On va progressivement voir apparaître un statut juridique et social de l'enfant dans les législations nationales et sur la scène internationale. La véritable révolution de l'enfance s'est cependant faite principalement sur le plan international, les droits nationaux étant restés pendant longtemps fortement imprégnés de l'approche protectrice du XIXe siècle avec sa conception de l'enfant objet. Dans cette nouvelle anthropologie, l'enfance devient un âge individualisé et l'enfant, un être humanisé. Ainsi sur le chemin qui va mener à la Convention des Nations Unies de 1989 [7], on trouve la Déclaration de Genève de 1924, qui insiste davantage sur les devoirs des adultes envers les enfants que sur les droits de l'enfant, et la Déclaration des droits de l'enfant de 1959 qui enrichit le besoin originel de protection spéciale de l'enfant d'une formulation de droits particuliers. Mais ces déclarations sont dépourvues d'une portée normative significative et mettent en lumière dans le contexte réformé de l'enfance la nécessité d'élaborer un instrument contraignant. La Convention internationale relative aux droits de l'enfant est ainsi adoptée en 1989 et revêt encore aujourd'hui un caractère exceptionnel en raison du consensus quasi universel qui entoura sa ratification. La convention adopte une approche holistique, elle ne fait aucune distinction de valeur entre les droits de la première génération et ceux de la seconde. Parmi ces derniers, elle reconnaît notamment le droit à la santé (article 24), le droit à la sécurité sociale (article 26), le droit à un niveau de vie suffisant (article 27), le droit à l'éducation (article 28), le droit d'être protégé contre l'exploitation économique (article 32 par.1) et contre toutes les formes d'exploitation sexuelle (article 34) ou d'exploitation préjudiciable à son bien-être (article 36).

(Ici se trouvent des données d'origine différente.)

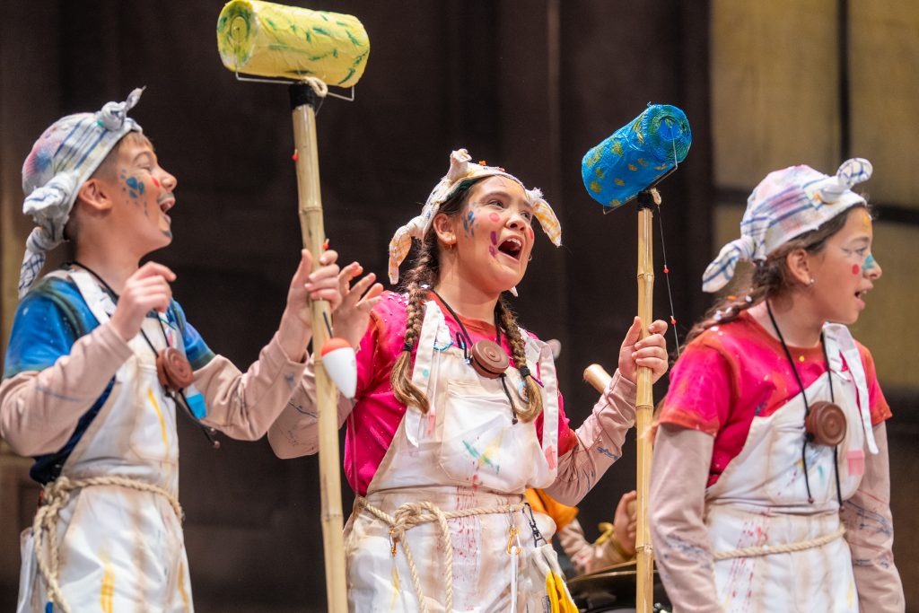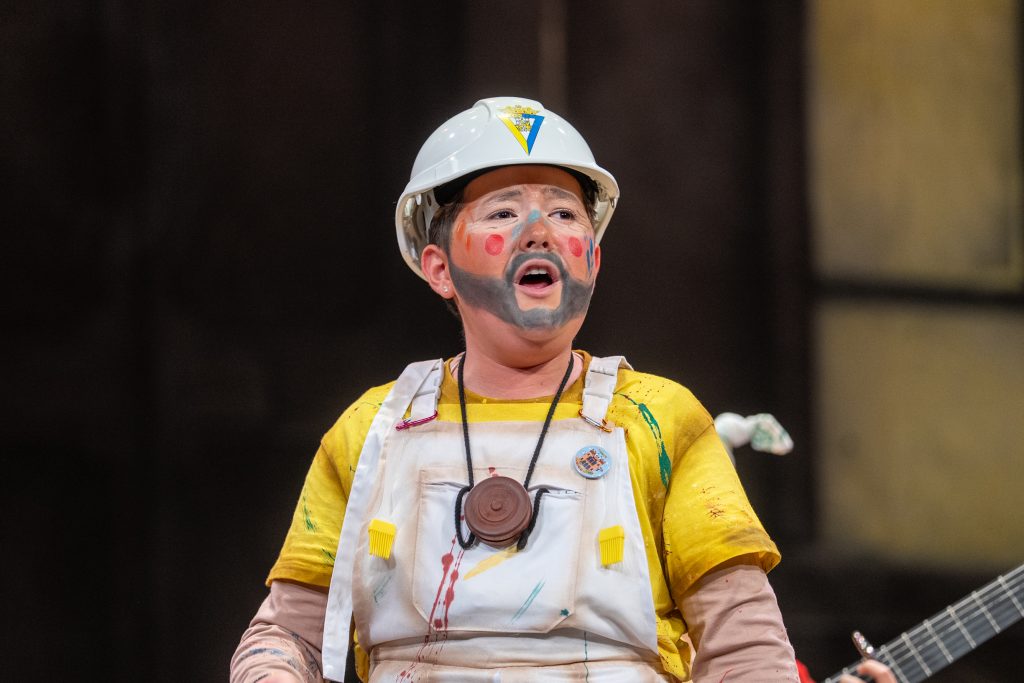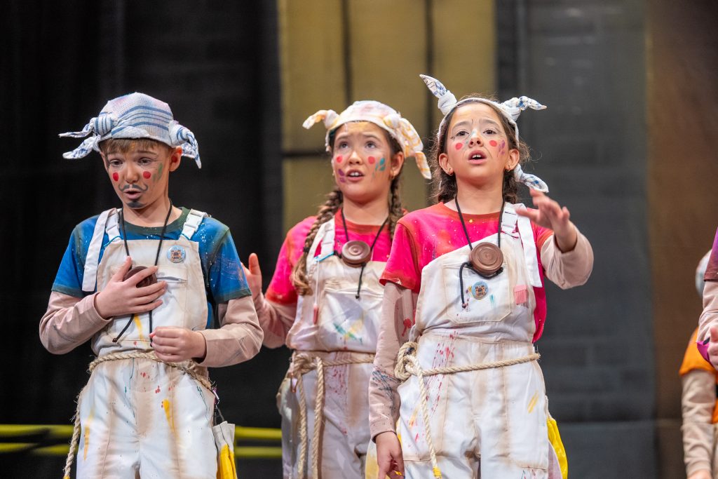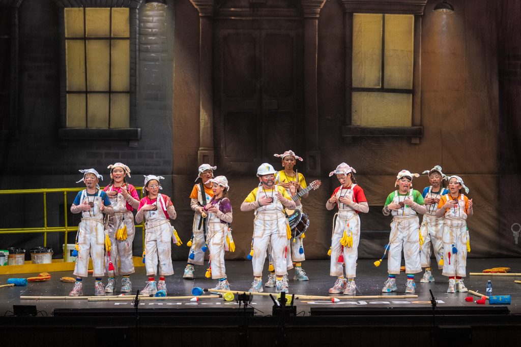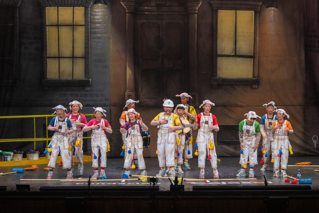 El tipo se descubrió con el telón: cuadrilla infantil de pintores de fachadas, con mono de trabajo, rodillos, cinturón de herramientas, andamios y latas de pintura. La elección permitió un guiño doble: al colorido urbano gaditano y a la identidad del Cádiz CF, subrayado mediante la paleta azul-amarilla utilizada en varios elementos del vestuario. Se evitó el humor de riesgo laboral y no se incluyeron escenas de peligro físico; la propuesta se mantuvo dentro del código carnavalesco infantil sin tensión ni exposición a situaciones inapropiadas.

La Convention constitua une force d'impulsion importante pour les instruments du Conseil de l'Europe, en particulier pour la Convention européenne de sauvegarde des droits de l'Homme et des libertés fondamentales et la Charte sociale européenne, mais n'entraîna aucun changement spectaculaire à l'échelle supranationale de l'Union européenne.

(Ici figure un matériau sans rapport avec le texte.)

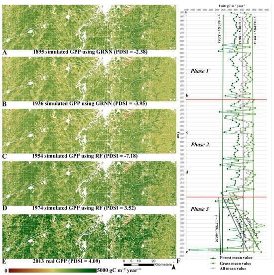 The simulated GPP maps and the GPP tendency curves. Note: The PDSI in the parenthesis was the average PDSI of the growing season. In (E), “All mean value” indicates the average GPP values of all forests and grasslands in our study areas. The lower-case letters in (F) corresponded to the GPP values in specific years whose GPP spatial distribution could be found in (A–E). The dash lines in (F) were the tendencies using real data, while the solid lines were the tendencies using combined data. The red lines separate the three phases of analysis.
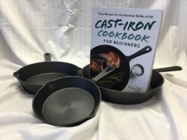 Package Includes: Cast Iron Skillet Set, Pot Holders, and Cast Iron Cookbook
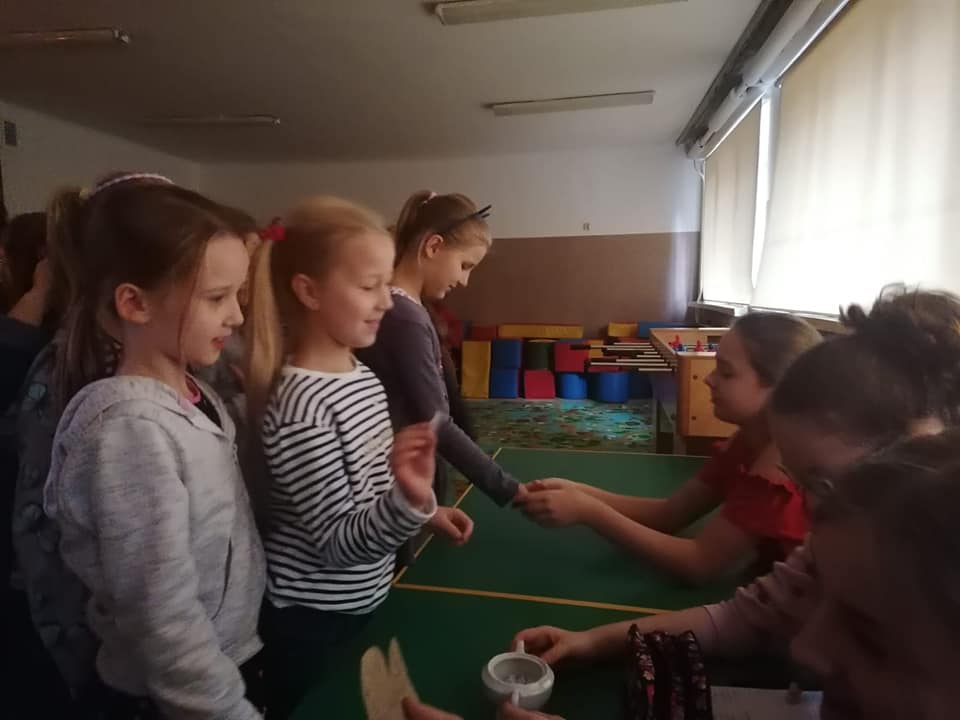 Lubimy tę aurę tajemniczości, jesteśmy ciekawi co przyniesie nam przyszłość, ale przede wszystkim nie odmawiamy sobie okazji do świetnej zabawy. W tym roku klasa II i III wróżyła sobie dzięki uprzejmości uczennic z klasy VIII. Nasze szkolne "wróżki" przepowiadały przyszłość z losowanych karteczek, numerków oraz czytając z ręki. Wszyscy dowiedzieli się nieco o swojej przyszłości i nawet jeżeli większość traktowała to jedynie z przymróżeniem oka, to miło jest razem spędzić czas bez komputera, smartfona czy tabletu z uśmiechem nieschodzącym z twarzy.

Le Conseil de l'Europe est la seule organisation intergouvernementale européenne à laquelle a été conféré un mandat explicite concernant l'action en matière de droits et de protection de l'enfance. Il a donc la possibilité de jouer un rôle primordial dans le dessin des contours juridiques de l'enfance au niveau européen. Après une vision plutôt fragmentaire des politiques à adopter dans le domaine de l'enfance, il a préféré opter pour une approche plus globale et cohérente en harmonie avec la conception universaliste des droits de l'enfant introduite par la Convention des Nations Unies, laquelle est ratifiée par l'ensemble de ses Etats membres. Deux de ses conventions ont ainsi été élaborées afin de donner plus d'effet à l'article 4 de la Convention des Nations Unies qui oblige les Etats Parties à prendre toutes les dispositions nécessaires pour mettre en œuvre les droits reconnus par la Convention universelle: la Convention européenne sur l'exercice des droits de l'enfant adoptée en 1996 et la Convention sur les relations personnelles concernant les enfants ouverte à la signature depuis le 15 mai 2003. Les recommandations de l'Assemblée parlementaire et du Comité des ministres constituent également un outil de travail précieux pour le Conseil de l'Europe dans des domaines aussi diversifiés et essentiels que le droit de la famille, la santé, la protection sociale, la protection contre l'exploitation sexuelle ou toutes autres formes d'exploitation du travail des enfants, la protection contre les mauvais traitements infligés aux enfants, l'éducation ou les droits de l'enfant en général.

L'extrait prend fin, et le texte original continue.